DNA-RNA hybrids at DSBs interfere with repair by homologous recombination

  1. Pedro Ortega
  2. José Antonio Mérida-Cerro
  3. Ana G Rondón
  4. Belén Gómez-González  Is a corresponding author
  5. Andrés Aguilera  Is a corresponding author
  1. Centro Andaluz de Biología Molecular y Medicina Regenerativa (CABIMER), Universidad de Sevilla-CSIC-Universidad Pablo de Olavide, Spain

Decision letter

  1. Wolf-Dietrich Heyer
    Reviewing Editor; University of California, Davis, United States
  2. Kevin Struhl
    Senior Editor; Harvard Medical School, United States
  3. Wolf-Dietrich Heyer
    Reviewer; University of California, Davis, United States

In the interests of transparency, eLife publishes the most substantive revision requests and the accompanying author responses.

Acceptance summary:

The manuscript by Ortega et al. aims to answer a very important question in the field. Specifically, the authors ask whether DNA-RNA hybrids formed at the positions of double-strand breaks (DSBs) promote or interfere recombinational repair of the DSBs.
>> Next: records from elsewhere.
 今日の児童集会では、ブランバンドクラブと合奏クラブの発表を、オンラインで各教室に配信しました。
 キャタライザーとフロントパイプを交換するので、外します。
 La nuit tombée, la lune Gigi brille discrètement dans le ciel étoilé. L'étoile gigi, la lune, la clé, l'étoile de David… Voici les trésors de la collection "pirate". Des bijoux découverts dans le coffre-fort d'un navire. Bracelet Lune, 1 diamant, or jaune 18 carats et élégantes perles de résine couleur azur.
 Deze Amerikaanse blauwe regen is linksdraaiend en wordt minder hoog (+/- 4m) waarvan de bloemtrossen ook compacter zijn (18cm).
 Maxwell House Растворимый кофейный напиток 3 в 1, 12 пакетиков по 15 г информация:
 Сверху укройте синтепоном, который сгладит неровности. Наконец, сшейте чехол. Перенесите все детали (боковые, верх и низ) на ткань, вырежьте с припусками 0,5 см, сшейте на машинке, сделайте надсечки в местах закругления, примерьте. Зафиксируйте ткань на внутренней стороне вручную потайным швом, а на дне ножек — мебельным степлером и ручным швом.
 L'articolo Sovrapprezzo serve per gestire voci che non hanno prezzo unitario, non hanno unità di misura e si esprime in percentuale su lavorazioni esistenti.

Using plasmid-based systems and a chromosomal system in budding yeast, the authors demonstrate that high levels or unprocessed RNA-DNA hybrids interfere with recombination-mediated DSB repair in plasmids and the chromosome. The authors conclude that RNA-DNA hybrids form accidentally at DSBs in transcribed regions must be removed for productive recombinational repair.

Decision letter after peer review:

Thank you for submitting your article "DNA-RNA hybrids at DSBs interfere with repair by homologous recombination" for consideration by eLife. Your article has been reviewed by 3 peer reviewers, including Wolf-Dietrich Heyer as the Reviewing Editor and Reviewer #1, and the evaluation has been overseen by Kevin Struhl as the Senior Editor.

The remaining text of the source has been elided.